Over the course of its two-year mission, TESS (Transiting Exoplanet Survey Satellite) will scan almost the entire sky, using four cameras to snap images of more than 200,000 stars. Astronomers anticipate that it will discover dozens of Earth-size planets. It will be the first time that astronomers have searched for planets over such a wide swath of sky, and the first time a space mission has explicitly targeted nearby examples of a small, cool class of stars called red dwarfs.

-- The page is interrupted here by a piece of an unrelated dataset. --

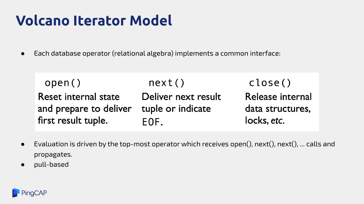 8 .Volcano Iterator Model ● Each database operator (relational algebra) implements a common interface: ● Evaluation is driven by the top-most operator which receives open(), next(), next(), ... calls and propagates. ● pull-based
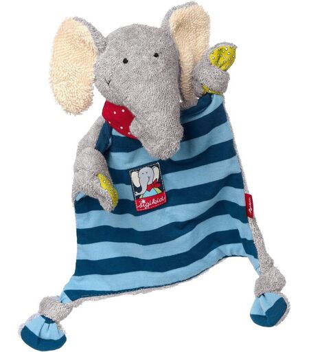 Doudou éléphanteau aux couleurs harmonieuses pour les bébés et les tout-petits de 0 à 36 mois ; cadeau de naissance ou de baptême idéal. Toucher agréable, matières douces anti-bouloche 100% coton. Corps plat, plus facile à câliner, à mâchouiller, et à emporter partout ! Facile à saisir par la trompe ou les drôles de n?uds aux extrémités ; apaisant et silencieux, il rassure bébé et l¿accompagne dans son sommeil. Hygiène garantie, lavable en machine à 30 ° sur cycle doux. Fabrication soignée et sécurité des matériaux, aucun accessoire détachable (foulard cousu) afin d¿éviter tout risque d¿ingestion, aucune substance nocive. Testé par des laboratoires accrédités. Contenu de la livraison : 1 doudou éléphanteau sigikid réf. 48935. Composition : 100% coton, bourrage tête : ouate de polyester. Coloris : bleu/gris. Taille: 27 cm. Conforme à la norme CE. Attention:Réservé à un usage domestique.La livraison depuis la France est prévue dans 5 jours ouvrés, n'hésitez pas à passer votre commande ...

Red dwarf stars are much cooler and fainter than the sun; the sun is ten times brighter than even the brightest red dwarfs (which are actually almost yellow), and about ten thousand times brighter than the dimmest, ruby-red ones. Gaze up at the stars without binoculars or a telescope, and you won’t see a single red dwarf—they are that faint. Yet red dwarfs are actually the galactic norm, making up about 70 percent of all stars, says Philip Muirhead, assistant professor of astronomy at Boston University .

Muirhead specializes in pinning down the true mass, size, and age of these faint stars. So, soon after TESS got the go-ahead from NASA, mission scientists reached out to Muirhead and his team for help assembling a list of red dwarfs to target with the new spacecraft. The TESS scientists wanted to take aim at as many as 50,000 nearby red dwarfs. But, among all the rich star catalogs that modern astronomy has produced, there was no index of local cool dwarf stars, which are so faint that they often get overlooked.

Illustration of TESS in front of a lava planet orbiting its host star
Illustration of TESS in front of a lava planet orbiting its host star. (Credit: NASA)

Why red dwarfs?

Red dwarfs have also traditionally been disregarded in the search for planets around other stars, which has favored stars similar to our sun. But that’s changing, largely thanks to the landslide of planet discoveries (latest count: 2,649) from NASA’s nine-year-old Kepler space telescope. Kepler surprised astronomers by turning up plenty of planets around red dwarfs, especially the Earth-size, rocky planets that astronomers think are likeliest to be habitable. Kepler also overturned the presumption that our solar system should be the galactic norm.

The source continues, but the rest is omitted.